What to produce:
From the data below, return only the lines from the one with "得力(deli)S06中性笔0.5mm子弹头 12支/盒 (单位:盒)红" through the one with "A White Cotton", exact and inclusive, with pictures left out.

Provided data:
# # # # #

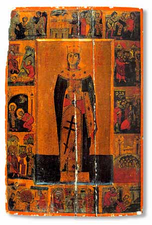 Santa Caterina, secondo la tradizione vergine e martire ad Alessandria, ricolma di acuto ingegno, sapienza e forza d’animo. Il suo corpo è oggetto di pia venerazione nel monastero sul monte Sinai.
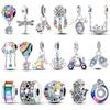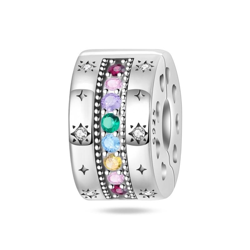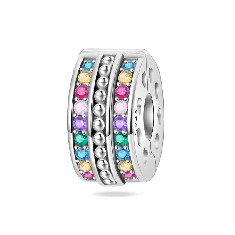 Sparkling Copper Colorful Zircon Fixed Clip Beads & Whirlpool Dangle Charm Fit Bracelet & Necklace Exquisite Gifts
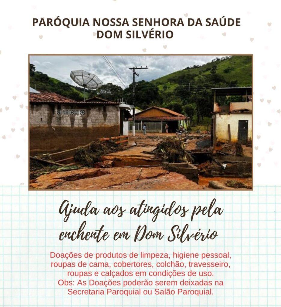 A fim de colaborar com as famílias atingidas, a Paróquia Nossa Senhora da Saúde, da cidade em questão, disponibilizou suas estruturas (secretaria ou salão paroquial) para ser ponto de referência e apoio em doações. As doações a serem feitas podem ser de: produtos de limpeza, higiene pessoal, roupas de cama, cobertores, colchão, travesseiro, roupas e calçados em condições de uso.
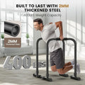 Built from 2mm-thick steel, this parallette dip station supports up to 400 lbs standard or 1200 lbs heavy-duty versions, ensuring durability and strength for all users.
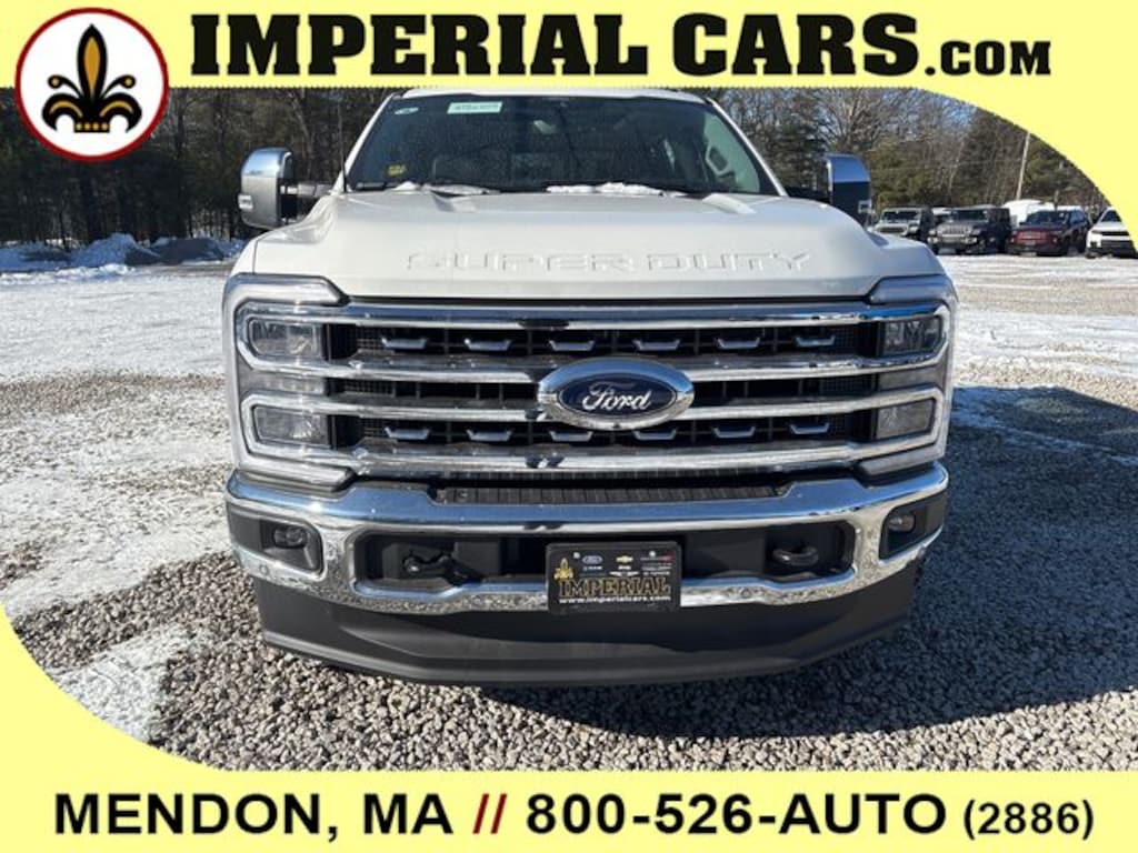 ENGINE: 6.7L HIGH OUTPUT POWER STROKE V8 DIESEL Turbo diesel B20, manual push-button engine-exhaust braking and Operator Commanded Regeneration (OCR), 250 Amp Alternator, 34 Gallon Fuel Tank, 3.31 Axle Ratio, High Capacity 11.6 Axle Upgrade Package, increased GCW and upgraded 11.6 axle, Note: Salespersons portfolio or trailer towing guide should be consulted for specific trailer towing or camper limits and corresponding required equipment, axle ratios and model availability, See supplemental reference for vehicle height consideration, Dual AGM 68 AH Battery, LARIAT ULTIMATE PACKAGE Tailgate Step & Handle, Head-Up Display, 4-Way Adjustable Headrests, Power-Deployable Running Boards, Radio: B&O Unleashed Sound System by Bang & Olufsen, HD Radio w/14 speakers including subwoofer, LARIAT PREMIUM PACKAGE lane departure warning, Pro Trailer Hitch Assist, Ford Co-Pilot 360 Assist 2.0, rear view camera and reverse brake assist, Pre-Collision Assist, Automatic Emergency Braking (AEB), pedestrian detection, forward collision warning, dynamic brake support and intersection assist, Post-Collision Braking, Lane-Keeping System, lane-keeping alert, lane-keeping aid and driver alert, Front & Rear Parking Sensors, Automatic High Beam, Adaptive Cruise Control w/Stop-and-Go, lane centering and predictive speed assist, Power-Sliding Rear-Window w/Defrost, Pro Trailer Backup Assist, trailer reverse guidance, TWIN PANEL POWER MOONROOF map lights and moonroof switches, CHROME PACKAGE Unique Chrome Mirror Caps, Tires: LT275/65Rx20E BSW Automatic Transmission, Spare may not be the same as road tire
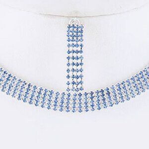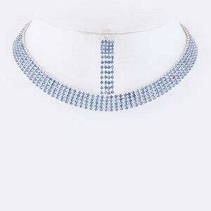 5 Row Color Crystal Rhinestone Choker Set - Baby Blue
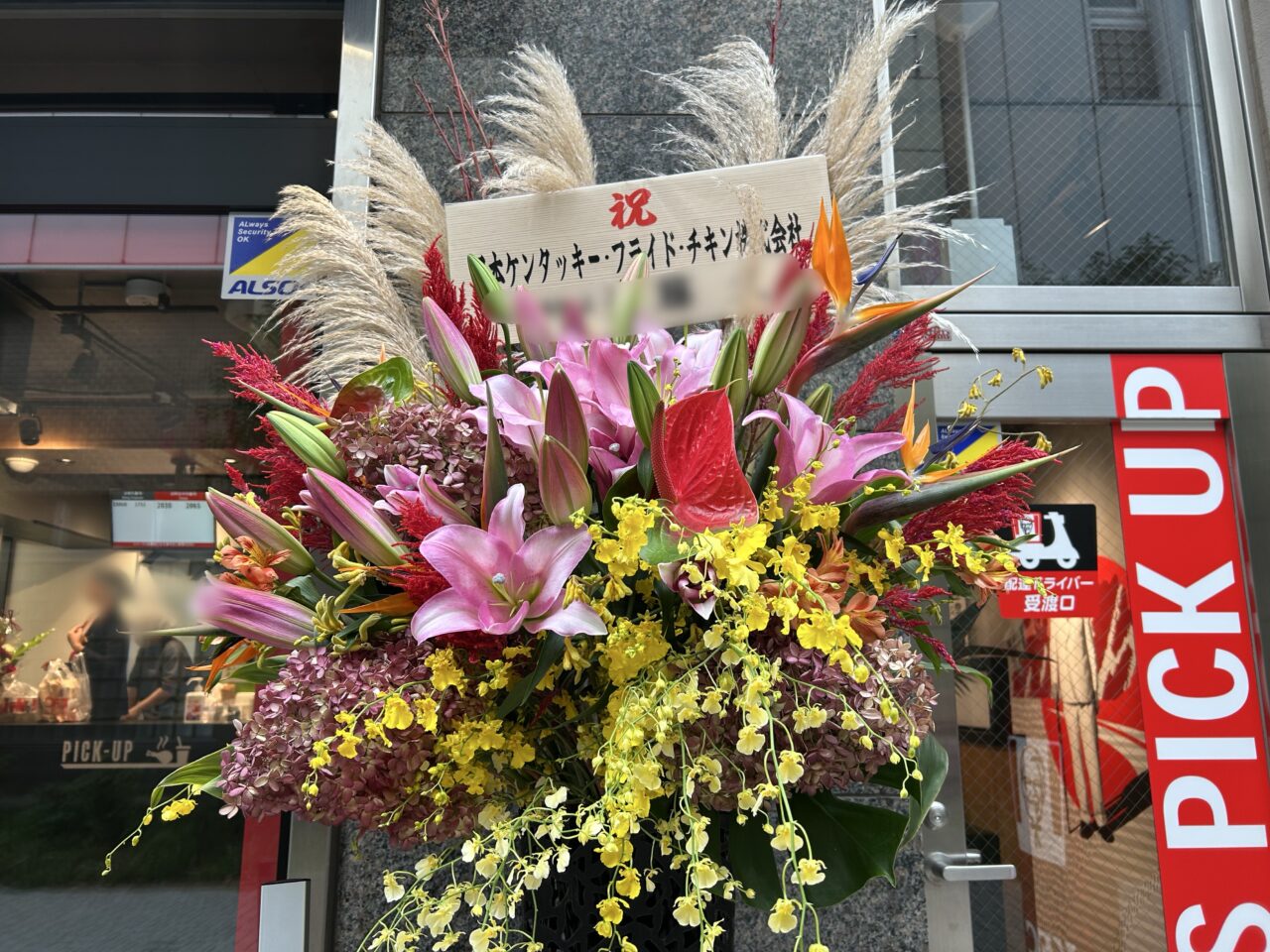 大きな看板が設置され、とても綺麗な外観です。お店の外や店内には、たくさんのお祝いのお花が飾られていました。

# # # # #

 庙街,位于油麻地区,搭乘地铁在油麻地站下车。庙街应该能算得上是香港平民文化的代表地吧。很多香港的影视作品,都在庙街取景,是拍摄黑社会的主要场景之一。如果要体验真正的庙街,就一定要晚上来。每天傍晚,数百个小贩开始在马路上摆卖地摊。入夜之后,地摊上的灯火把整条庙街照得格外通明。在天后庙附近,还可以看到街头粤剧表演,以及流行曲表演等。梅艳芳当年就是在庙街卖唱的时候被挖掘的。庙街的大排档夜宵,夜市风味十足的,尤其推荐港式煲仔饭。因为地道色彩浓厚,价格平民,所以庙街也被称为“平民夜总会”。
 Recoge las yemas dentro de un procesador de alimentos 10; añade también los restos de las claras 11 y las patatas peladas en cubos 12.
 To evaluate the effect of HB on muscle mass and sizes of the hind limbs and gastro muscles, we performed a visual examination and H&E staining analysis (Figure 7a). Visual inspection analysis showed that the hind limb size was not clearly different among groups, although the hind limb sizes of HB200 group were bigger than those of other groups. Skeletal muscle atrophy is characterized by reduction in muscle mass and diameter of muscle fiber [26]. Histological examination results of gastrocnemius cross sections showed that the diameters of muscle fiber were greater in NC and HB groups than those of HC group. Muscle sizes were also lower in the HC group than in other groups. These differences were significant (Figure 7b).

# # # # #

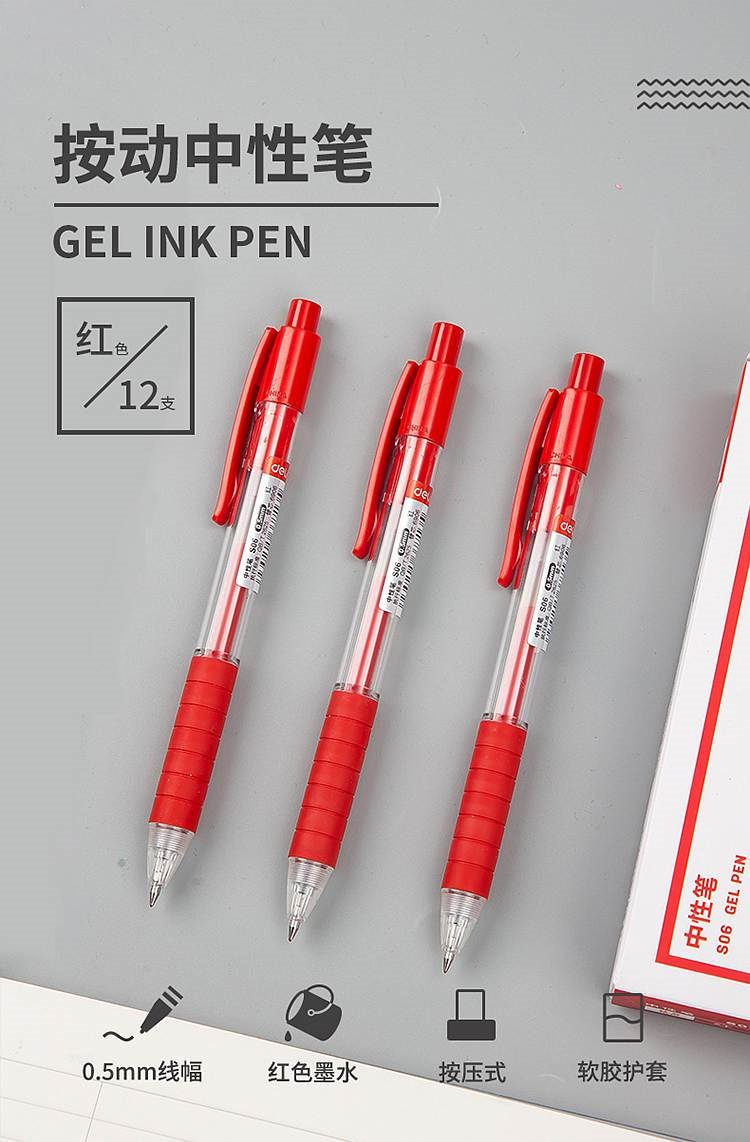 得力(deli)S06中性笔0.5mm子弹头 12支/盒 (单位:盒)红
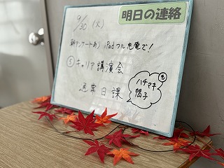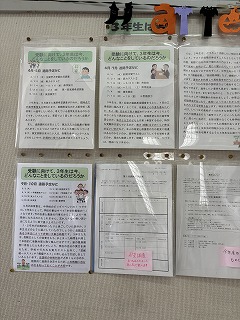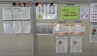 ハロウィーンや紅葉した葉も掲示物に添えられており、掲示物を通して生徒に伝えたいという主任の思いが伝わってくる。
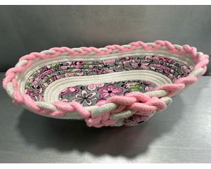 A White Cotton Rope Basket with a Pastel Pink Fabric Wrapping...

# # # # #

Reply:
 得力(deli)S06中性笔0.5mm子弹头 12支/盒 (单位:盒)红
 ハロウィーンや紅葉した葉も掲示物に添えられており、掲示物を通して生徒に伝えたいという主任の思いが伝わってくる。
 A White Cotton Rope Basket with a Pastel Pink Fabric Wrapping...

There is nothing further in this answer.